Posts Tagged ‘Gilded Age’

The few, the proud, the tycoons

If ever there was an article tailor-made for debate across America, it would be the lead story in The New York Times on Sunday: “The Richest of the Rich, Proud of a New Gilded Age.” Read it and decide for yourself whether this is an era we can look upon with great pride.

Certainly, Sanford I. Weill, retired chairman of Citigroup, does. He tells the Times, “People can look at the last 25 years and say this is an incredibly unique period of time. We didn’t rely on somebody else to build what we built, and we shouldn’t rely on somebody else to provide all the services our society needs.”
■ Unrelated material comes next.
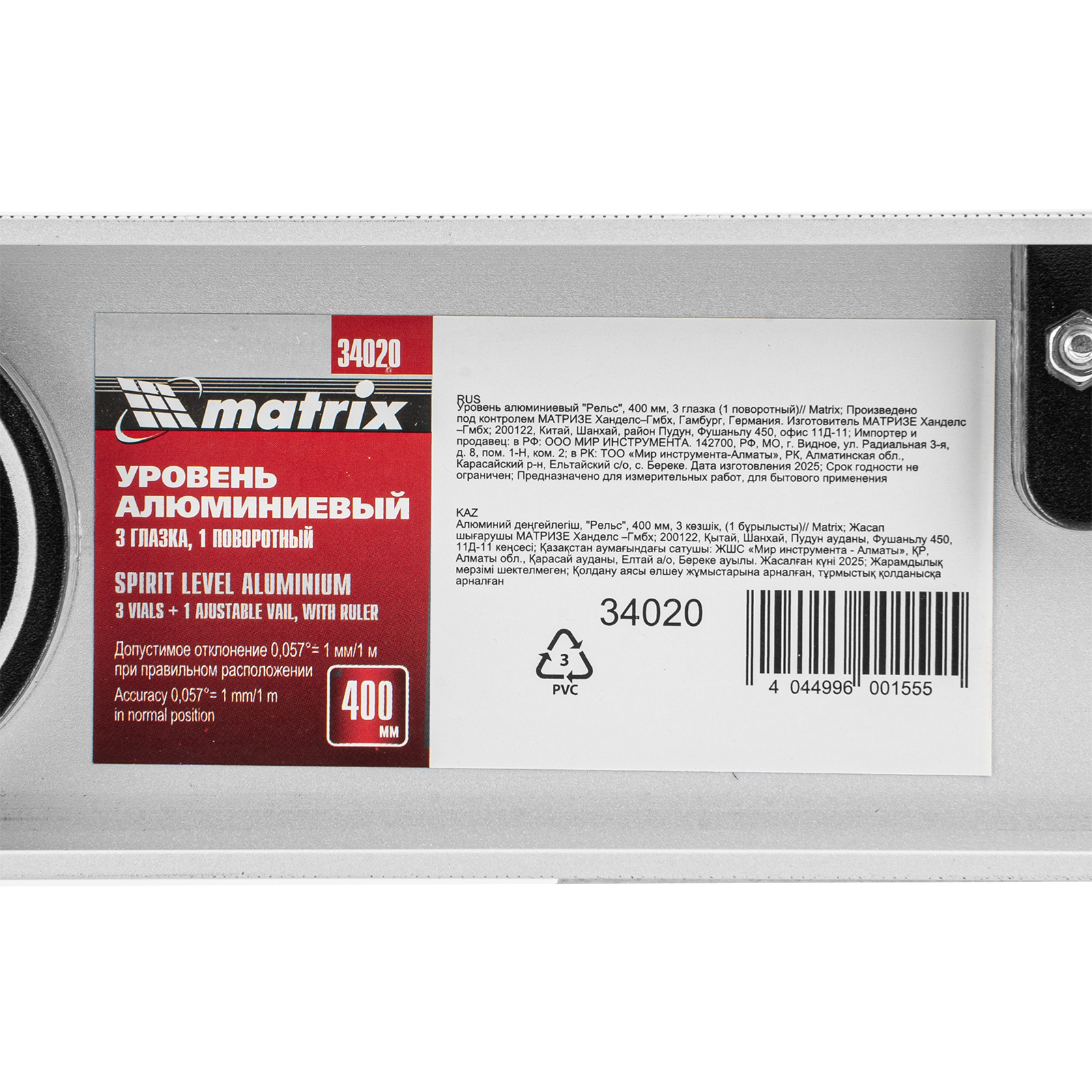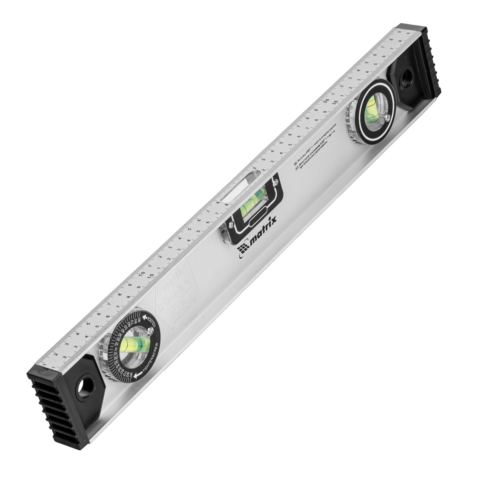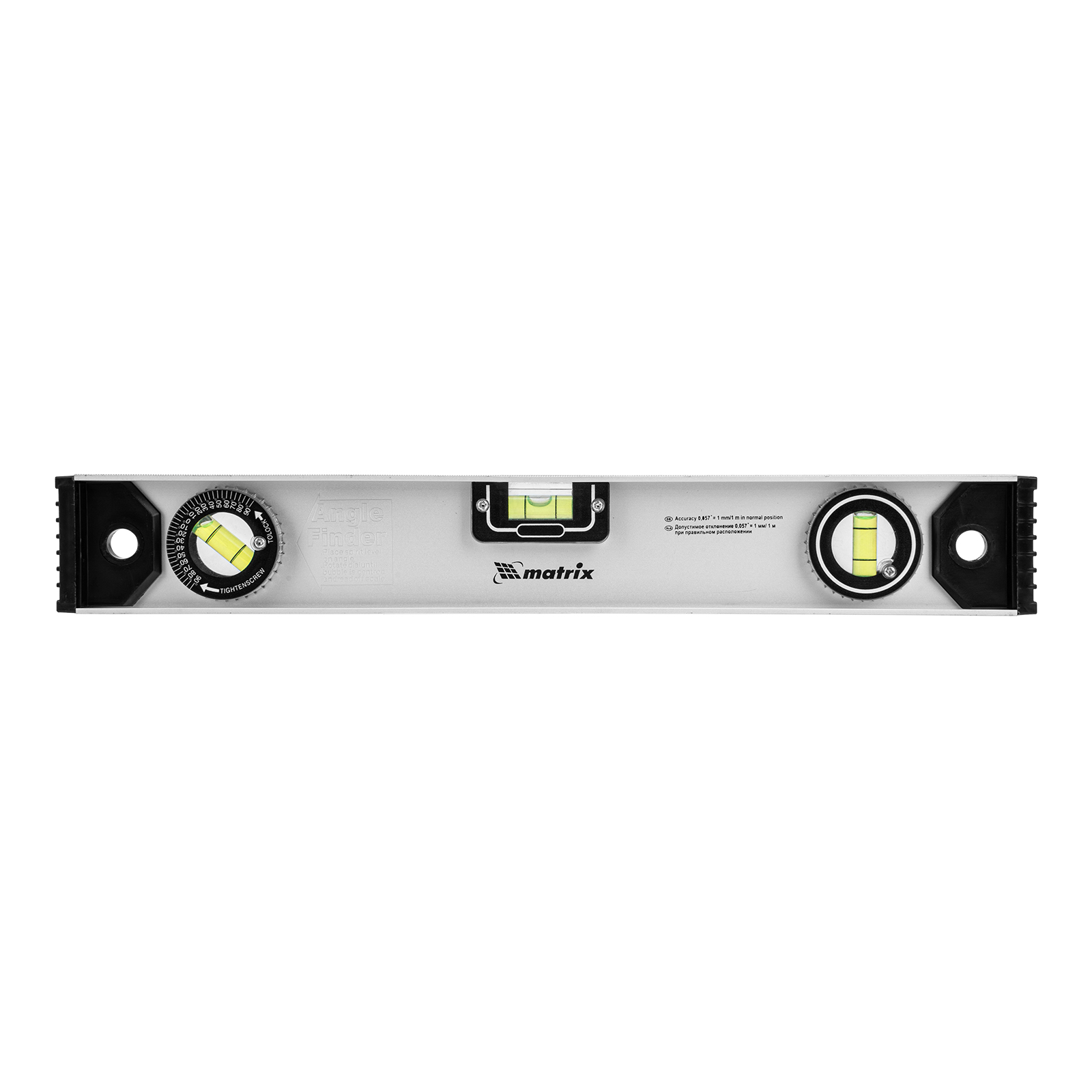 Уровень алюминиевый "Рельс", 400 мм, 3 глазка (1 поворотный) Matrix в Челябинске

Somebody, as you might imagine, is government. I am no expert on political or economic history, but one thing government surely did in the past 25 years is roll back regulations that businesses claimed stood in the way of their ability to generate jobs and wealth for all Americans. Reporter Louis Uchitelle also cites the example of President Clinton, who in 1999 revoked the Glass-Steagall Act of 1933. The Act outlawed having commercial and investment banking and stock brokerages under one corporate roof because 74 years ago government thought this structure created too many conflicts of interest and contributed to the 1929 crash and the Depression. And who might have benefitted from Clinton’s repeal of the Act?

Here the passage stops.